Malhotra Ruchika, Jain Juhi
Department of Software Engineering, Delhi Technological University (former Delhi College of Engineering), Shahbad Daulatpur, Delhi, India.
Department of Computer Science and Engineering, Delhi Technological University (former Delhi College of Engineering), Shahbad Daulatpur, Delhi, India.
PeerJ Comput Sci. 2022 Apr 29;8:e573. doi: 10.7717/peerj-cs.573. eCollection 2022.

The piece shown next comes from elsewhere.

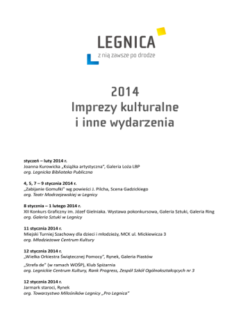 2014 Imprezy kulturalne i inne wydarzenia styczeń – luty 2014 r. Joanna Kurowicka „Książka artystyczna”, Galeria Loża LBP org. Legnicka Biblioteka Publiczna 4, 5, 7 – 9 stycznia 2014 r. „Zabijanie Gomułki” wg powieści J. Pilcha, Scena Gadzickiego org. Teatr Modrzejewskiej w Legnicy 8 stycznia – 1 lutego 2014 r. XII Konkurs Graficzny im. Józef Gielniaka. Wystawa pokonkursowa, Galeria Sztuki, Galeria Ring org. Galeria Sztuki w Legnicy 11 stycznia 2014 r. Miejski Turniej Szachowy dla dzieci i młodzieży, MCK ul. Mickiewicza 3 org. Młodzieżowe Centrum Kultury 12 stycznia 2014 r. „Wielka Orkiestra Świątecznej Pomocy”, Rynek, Galeria Piastów „Strefa de” (w ramach WOŚP), Klub Spiżarnia org. Legnickie Centrum Kultury, Rank Progress, Zespół Szkół Ogólnokształcących nr 3 12 stycznia 2014 r. Jarmark staroci, Rynek org. Towarzystwo Miłośników Legnicy „Pro Legnica” 14 stycznia 2014 r. Ambasadorzy Poezji. 1. Polsko-rosyjskie spotkania poetów – wieczór autorski Linory Goralik i Demiana Kudryavtseva, czytelnia główna LBP org. Legnicka Biblioteka Publiczna 15 – 19 stycznia 2014 r. „Iwanow” A. Czechowa, Scena Gadzickiego org. Teatr Modrzejewskiej w Legnicy 16 stycznia 2014 r. „Iluzja uczuć” – promocja książki legniczanki Barbary Tomaszewskiej, Czytelnia Naukowa LBP org. Legnicka Biblioteka Publiczna 18 stycznia 2014 r. Koncert z okazji Dnia Babci i Dziadka, MCK ul. Mickiewicza 3 org. Młodzieżowe Centrum Kultury 19 stycznia 2014 r. „Koncert kolęd i pastorałek”, Kościół pw. Najświętszego Serca Pana Jezusa org. Legnickie Centrum Kultury 21 stycznia – 29 marca „Podział światła. Magdalena Konieczna – witraże”, gmach główny Muzeum Miedzi org. Muzeum Miedzi 22 i 23 stycznia 2014 r. „Niekończąca się opowieść”, Scena Gadzickiego org. Teatr Modrzejewskiej w Legnicy 23 stycznia 2014 r. „Momenty prozaiczne” – spotkanie autorskie z prof. Janem Kurowickim, Czytelnia Naukowa LBP org. Legnicka Biblioteka Publiczna 25 stycznia 2014 r. Otwarcie wystawy prac uczestników kół plastycznych i ceramicznych, MCK ul. Mickiewicza 3 org. Młodzieżowe Centrum Kultury 5 lutego 2014 r. Podsumowanie Dolnośląskiego Konkursu Plastycznego „ Detal w architekturze", MCK ul. Mickiewicza 3 org. Młodzieżowe Centrum Kultury 5 lutego – 2 marca 2014 r. Kacper Piskorowski „Głuchy krzyk”, Galeria Sztuki Maria Rogala „Malarstwo”, Galeria Ring org. Galeria Sztuki w Legnicy 8 lutego – 29 marca 2014 r. „Był bal. Moda na karnawał” - wystawa kolekcji Muzeum Narodowego we Wrocławiu org. Muzeum Miedzi 8 lutego 2014 r. Dolnośląski Konkurs Piosenki Dziecięcej „ Dzieciopiewy”, MCK ul. Mickiewicza 3 org. Młodzieżowe Centrum Kultury 9 lutego 2014 r. Jarmark staroci, Rynek org. Towarzystwo Miłośników Legnicy „Pro Legnica” 17-28 lutego 2014 r. Ferie zimowe, lodowisko ul. Sejmowa, hala ul. Lotnicza, hala ul. Głogowska org. Ośrodek Sportu i Rekreacji Akcja „Zima z MCK” – półkolonie i zajęcia otwarte, MCK ul. Rataja 24 org. Młodzieżowe Centrum Kultury „Zima w bibliotece”, filie LBP org. Legnicka Biblioteka Publiczna „Zima z LCK” org. Legnickie Centrum Kultury 28.02 – 02.03 2014 r. Blues Day, Kręgielnia „Kometa” org. Legnickie Centrum Kultury marzec – kwiecień 2014 r. Janina Odzierejko – Wystawa obrazów, Galeria Loża LBP org. Legnicka Biblioteka Publiczna 5-30 marca 2014 r. Robert Gauer - „Moja plaża”, hall Teatru im. H. Modrzejewskiej org. Galeria Sztuki w Legnicy 6 marca 2014 r. Miejskie Eliminacje Ogólnopolskiego Samorządowego Konkursu Nastolatków „ 8 wspaniałych", MCK ul. Mickiewicza 3 org. Młodzieżowe Centrum Kultury 6 marca – 6 kwietnia 2014 r. UFO. Play with Glass - Europejski Festiwal Szkła, Galeria Ring Barbara Bańda - „Obrazy”, Galeria Sztuki org. Galeria Sztuki w Legnicy 9 marca 2014 r. Jarmark staroci, Rynek org. Towarzystwo Miłośników Legnicy „Pro Legnica” 12 marca 2014 r. Dolnośląski Przegląd Pieśni i Piosenki Patriotycznej – eliminacje rejonowe, MCK ul. Mickiewicza 3 org. Młodzieżowe Centrum Kultury 21 marca 2014 r. Koncert chórów w ramach cyklu Legnica Cantat Bis, Kościół pw. Najświętszego Serca Pana Jezusa org. Legnickie Centrum Kultury 21 marca 2014 r. Dzień odkrywania talentów, MCK ul. Mickiewicza 3 org. Młodzieżowe Centrum Kultury 26 marca 2014 r. Wiosenne Spotkania z Teatrem Jednego Aktora, MCK ul. Mickiewicza 3 org. Młodzieżowe Centrum Kultury 28 marca 2014 r. Jazz Day, Kręgielnia „Kometa” org. Legnickie Centrum Kultury 28 marca 2014 r. Dzień Teatru w MCK – przegląd grup teatralnych, MCK ul. Mickiewicza 3 org. Młodzieżowe Centrum Kultury 29 marca 2014 r. „Światowy Dzień Inwalidy i Osób Niepełnosprawnych”, Dom Kultury „Atrium” org. Filia nr 1 i Filia nr 6 Legnickiej Biblioteki Publicznej 29-30 marca 2014 r. „IV Noc z Andersenem” – nocna impreza czytelnicza dla dzieci, Ekobiblioteka org. Ekobiblioteka i Filia Dziecięco-Młodzieżowa LBP 1 kwietnia 2014 r. Koncert chórów w ramach cyklu Legnica Cantat Bis - Kościół pw. Najświętszego Serca Pana Jezusa org. Legnickie Centrum Kultury 2 kwietnia 2014 r. „Przyjaciele jakich niewielu”- finał konkursu czytelniczego z udziałem pisarza Grzegorza Kasdepke, Czytelnia Naukowa LBP org. Legnicka Biblioteka Publiczna 5 kwietnia 2014 r. Otwarte Mistrzostwa Legnicy w Nordic Walking, Park Miejski org. Ośrodek Sportu i Rekreacji 8 kwietnia 2014 r. Podsumowanie Ogólnopolskiego Konkursu Dziecięcego Rękodzieła Artystycznego „Wiosna", MCK ul. Mickiewicza 3 org. Młodzieżowe Centrum Kultury 9 kwietnia 2014 r. Rejonowy Konkurs Recytatorski dla klas I-III „Maluchy lubią wiersze", MCK ul. Mickiewicza 3 org. Młodzieżowe Centrum Kultury 12 kwietnia 2014 r. Miejski Turniej Szachowy MCK ul. Mickiewicza 3 org. Młodzieżowe Centrum Kultury 13 kwietnia 2014 r. Jarmark staroci, Rynek org. Towarzystwo Miłośników Legnicy „Pro Legnica”
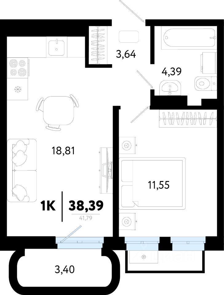 Общая площадь38,32 м²

The development of correct and effective software defect prediction (SDP) models is one of the utmost needs of the software industry. Statistics of many defect-related open-source data sets depict the class imbalance problem in object-oriented projects. Models trained on imbalanced data leads to inaccurate future predictions owing to biased learning and ineffective defect prediction. In addition to this large number of software metrics degrades the model performance. This study aims at (1) identification of useful metrics in the software using correlation feature selection, (2) extensive comparative analysis of 10 resampling methods to generate effective machine learning models for imbalanced data, (3) inclusion of stable performance evaluators-AUC, GMean, and Balance and (4) integration of statistical validation of results. The impact of 10 resampling methods is analyzed on selected features of 12 object-oriented Apache datasets using 15 machine learning techniques. The performances of developed models are analyzed using AUC, GMean, Balance, and sensitivity. Statistical results advocate the use of resampling methods to improve SDP. Random oversampling portrays the best predictive capability of developed defect prediction models. The study provides a guideline for identifying metrics that are influential for SDP. The performances of oversampling methods are superior to undersampling methods.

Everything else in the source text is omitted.